Auraison Custom Tables

Four tables are created automatically by LakehouseCatalog._init_schema() on every catalog open. Two are for experiment tracking (experiments, simulation_runs); two form the generic data layer (datasets, multimodal_samples) that accommodates any modality — image-text, audio-text, video-text, or sensor data — without schema changes.

Design rationale

A dataset-specific table (e.g. a coco_caption table with columns cocoid, sentences, sentids) would require a new schema for every new dataset. Instead, multimodal_samples normalises the universal fields (sample_id, split, primary_uri, captions) and stores dataset-specific fields (image filename, bounding boxes, audio duration, ROS bag metadata, …) in a metadata JSON column.

Entity Relationships

Entity-relationship diagram of the five Auraison custom tables. Entities with their key attributes: datasets (dataset_id PK, name, modalities VARCHAR array, description, source_url, registered_at); experiments (experiment_id PK, project, description, created_at); simulation_runs (run_id PK, experiment_id FK, sim_index, config JSON, status, s3_prefix, started_at, completed_at); multimodal_samples (sample_id PK, dataset_id FK, split, primary_uri, annotations JSON, metadata JSON, ingested_at, caption_length); video_segments (segment_id PK, sample_id FK, dataset_id FK, start_time_s, end_time_s, segment_uri, annotations JSON, metadata JSON). Relationships: experiments tracks runs of simulation_runs; datasets contains samples multimodal_samples; multimodal_samples temporal segments video_segments; and a dashed logical link between simulation_runs and multimodal_samples labelled config->dataset_id equals dataset_id.

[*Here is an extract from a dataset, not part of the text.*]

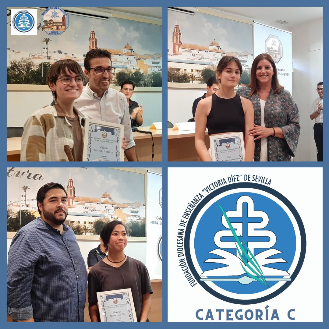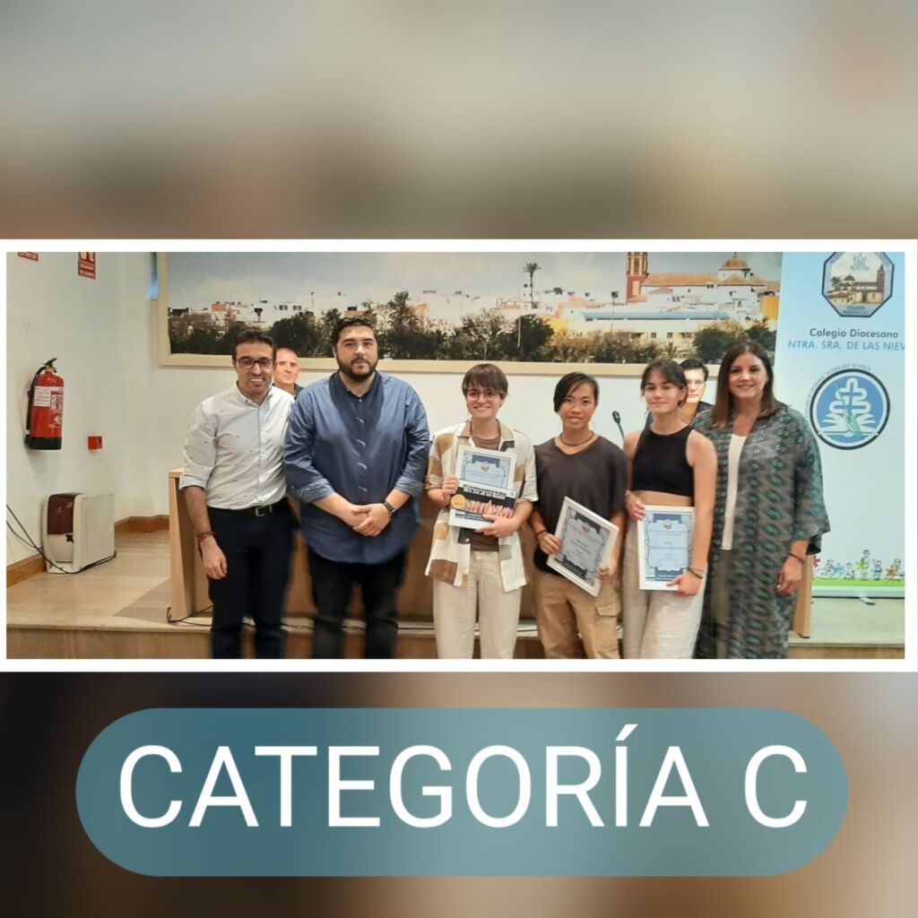 En categoría C, a la que han concurrido alumnos de 4º de la ESO y los dos primeros cursos de educación postobligatoria, la tercera clasificada fue Natalia Rivas Castillo del IES Almudeyne de Los Palacios, una obra sin título; la segunda clasificada fue Sira Rodríguez Mirasierra del IES José María Infante de Utrera con su obra “Tres personas en la playa”, y la ganadora de la categoría que recibió un premio dotado con 100 euros fue para Valeria Grande Ramírez del IES Castillo de Cote de Montellano con su obra “Selflove”.
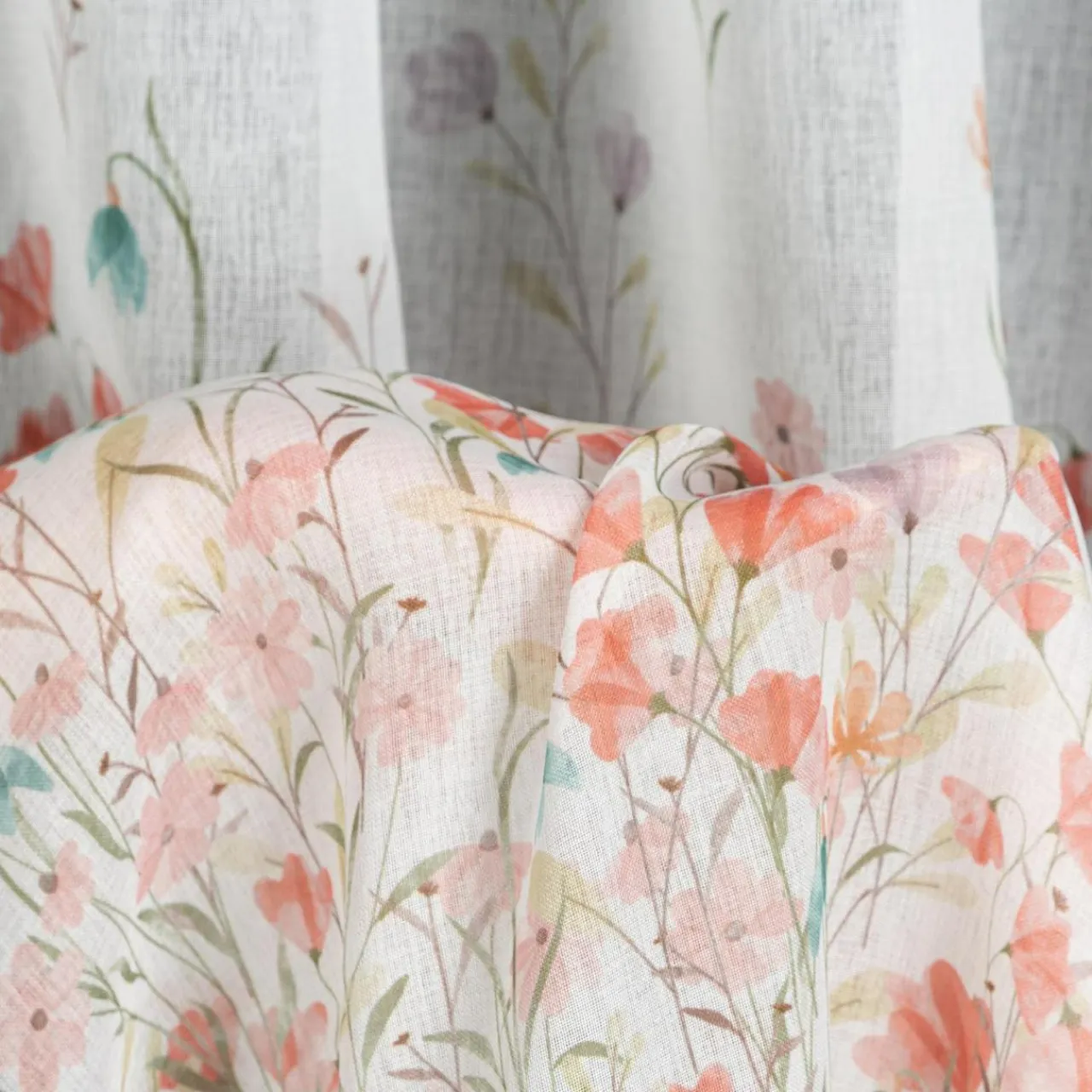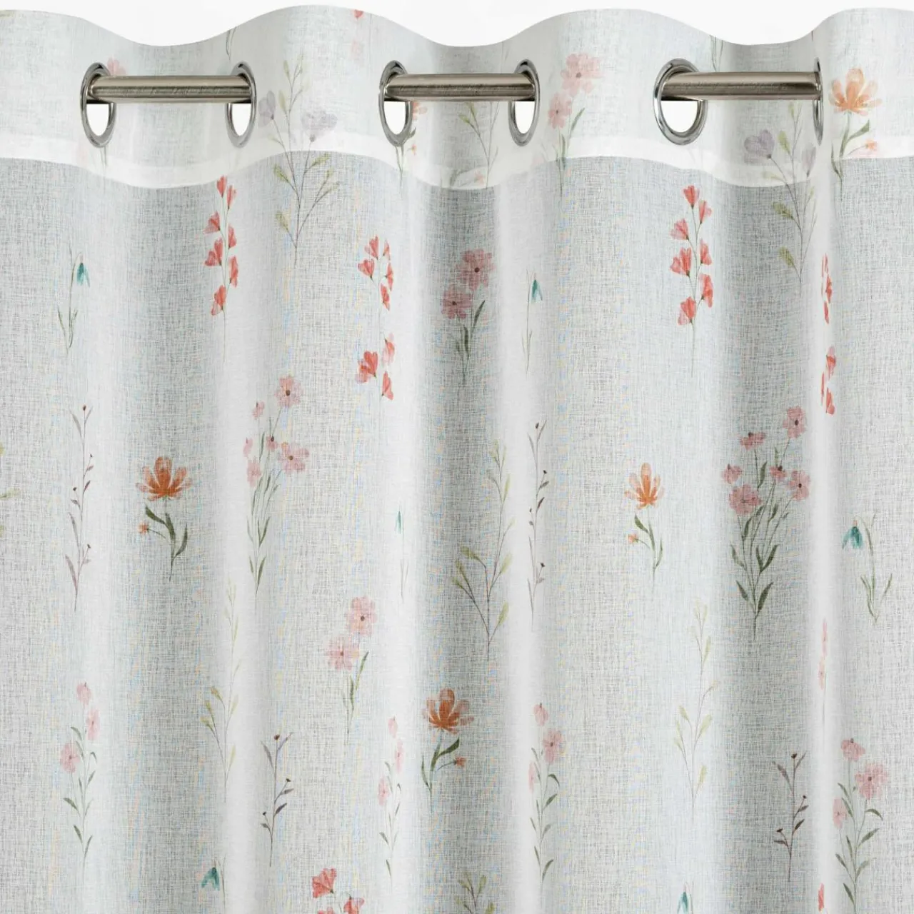 Zasłona na przelotkach SONIA w różowe kwiaty doda wnętrzu wiosennego akcentu.

Editable Mermaid source: images/schema-custom-tables.mermaid.md

The dashed link between simulation_runs and multimodal_samples is logical, not a FK: simulation_runs.config->>'dataset_id' equals multimodal_samples.dataset_id, enabling the cross-plane join in use case 3 without any ETL:

SELECT d.name AS dataset, r.config->>'split' AS split, COUNT(s.sample_id) AS images
FROM simulation_runs r
JOIN datasets d ON d.dataset_id = 'yerevann/coco-karpathy'
JOIN multimodal_samples s
  ON s.dataset_id = 'yerevann/coco-karpathy'
 AND s.split = r.config->>'split'
GROUP BY 1, 2;

Column Reference

datasets

ColumnTypeNotes
dataset_idVARCHAR PKStable identifier, e.g. 'yerevann/coco-karpathy', 'librispeech/clean'
nameVARCHARHuman-readable name
modalitiesVARCHAR[]e.g. ['image', 'text'], ['audio', 'text'], ['video', 'text']
descriptionVARCHARFree-text
source_urlVARCHARHF Hub URL, paper URL, or internal link
registered_atTIMESTAMPUTC

multimodal_samples

ColumnTypeNotes
sample_idVARCHAR PKDataset-native ID cast to string (e.g. COCO cocoid, LibriSpeech utterance ID)
dataset_idVARCHAR FKReferences datasets.dataset_id
splitVARCHARtrain | val | test | restval | …
primary_uriVARCHARS3 or HTTPS path to the primary asset (image, audio file, video clip)
annotationsJSONTask-specific payload — see examples below
metadataJSONAsset-level fields (filename, resolution, fps, sensor config, …)
ingested_atTIMESTAMPUTC timestamp of ingest
caption_lengthINTEGERlen(annotations->>'captions'->0) — added via ALTER TABLE (schema evolution demo)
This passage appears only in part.